E os astros quebram-se em luz sobre
as casas, a cidade arrebata-se,
os bichos erguem seus olhos dementes,
arde a madeira - para que tudo cante
por teu poder angélico e fechado.

Com minha face cheia de teu espanto e beleza,
eu sei quanto és o íntimo pudor
e a água inicial de outros sentidos.
Começa o tempo onde a mulher começa,
é sua carne que do minuto obscuro e morto
se devolve à luz
Na morte referve o vinho, e a promessa tinge as pálpebras
com uma imagem.

Espero o tempo com a face espantada junto ao teu peito
de sal e de silêncio, concebo para minha serenidade
uma idéia de pedra e de brancura.
És tu que me aceitas em teu sorriso, que ouves,
que te alimentas de desejos puros.
E une-se ao vento o espírito, rarefaz-se a auréola,
a sombra canta baixo.

Começa o tempo onde a boca se desfaz na lua,
onde a beleza que transportas como um peso árduo
se quebra em glória junto ao meu flanco
martirizado e vivo.
- Para consagração da noite erguerei um violino,
beijarei tuas mãos fecundas, e à madrugada
darei minha voz confundida com a tua.
Oh teoria de instintos, dom de inocência,
taça para beber junto à perturbada intimidade
em que me acolhes.

Começa o tempo na insuportável ternura
com que te adivinho, o tempo onde
a vária dor envolve o barro e a estrela, onde
o encanto liga a ave ao trevo.

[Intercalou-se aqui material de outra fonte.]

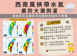 依據中央氣象局預報資料顯示,南部地區昨(2)日出現天文大潮,又受卡努颱風影響及西南風挾帶豐沛水氣,市長黃偉哲要求市府團隊及區公所,全面巡查排水渠道並預佈抽水機組及砂包等,嚴防沿海低窪地區海水倒灌導致積淹水災情。 市長黃偉哲指出,卡努颱風位置目前在臺灣東北方海面上,對臺南地區雖無直接影響,但西南風持續增強將帶來雨勢,根據預報資料顯示,今(3)晚起至明(4)日臺南地...... [閱讀更多]
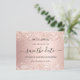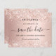 A Save the Date card for a Quinceañera, 15th birthday party. A rose gold metallic looking background decorated with faux glitter dust. Personalize and add a date and name/age. The text: Save the Date is written with a large trendy hand lettered style script with swashes.
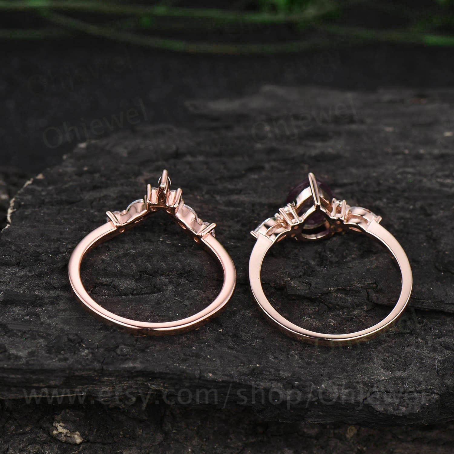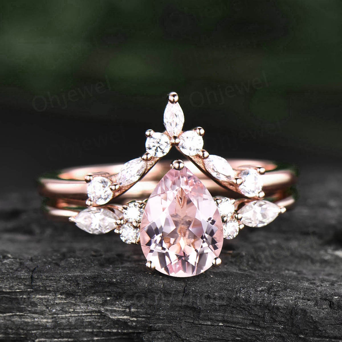 Unique pear shaped morganite engagement ring set rose gold art deco marquise moissanite ring Pink morganite ring for women bridal ring set

E em sua medida
ingênua e cara, o que pressente o coração
engasta seu contorno de lume ao longe.
Bom será o tempo, bom será o espírito,
boa será nossa carne presa e morosa.
- Começa o tempo onde se une a vida
à nossa gratidão.

Felizmente estás na pedra e a pedra em mim, ó urna
salina, imagem fechada em sua pungência e castidade.
E o que se perde de ti, como espírito de música estiolado
em torno das violas, a morte que não beijo,
a erva incendiada que se derrama na íntima noite,
- o que se perde de ti, minha voz o renova
num estilo de angústia e prata viva.

Quando o fruto empolga um instante a eternidade
inteira, eu estou no fruto como sol
e desfeita pedra, e tu és o silêncio, a cerrada
matriz de sumo e vivo gosto.
- E as aves morrem para nós, os luminosos cálices
das nuvens florescem, a resina tinge
a estrela, o aroma distancia o barro vermelho da manhã.
E estás em mim como a flor na idéia
e o livro no espaço triste.

Se te aprendessem minhas mãos, forma do vento
na cevada pura, de ti viriam cheias
minhas mãos sem nada. Se uma vida dormisses
em minha espuma,
que frescura indecisa ficaria no meu sorriso?
- No entanto és tu que te moverás na matéria
da minha boca, e serás uma árvore
dormindo e acordando onde existe o meu sangue.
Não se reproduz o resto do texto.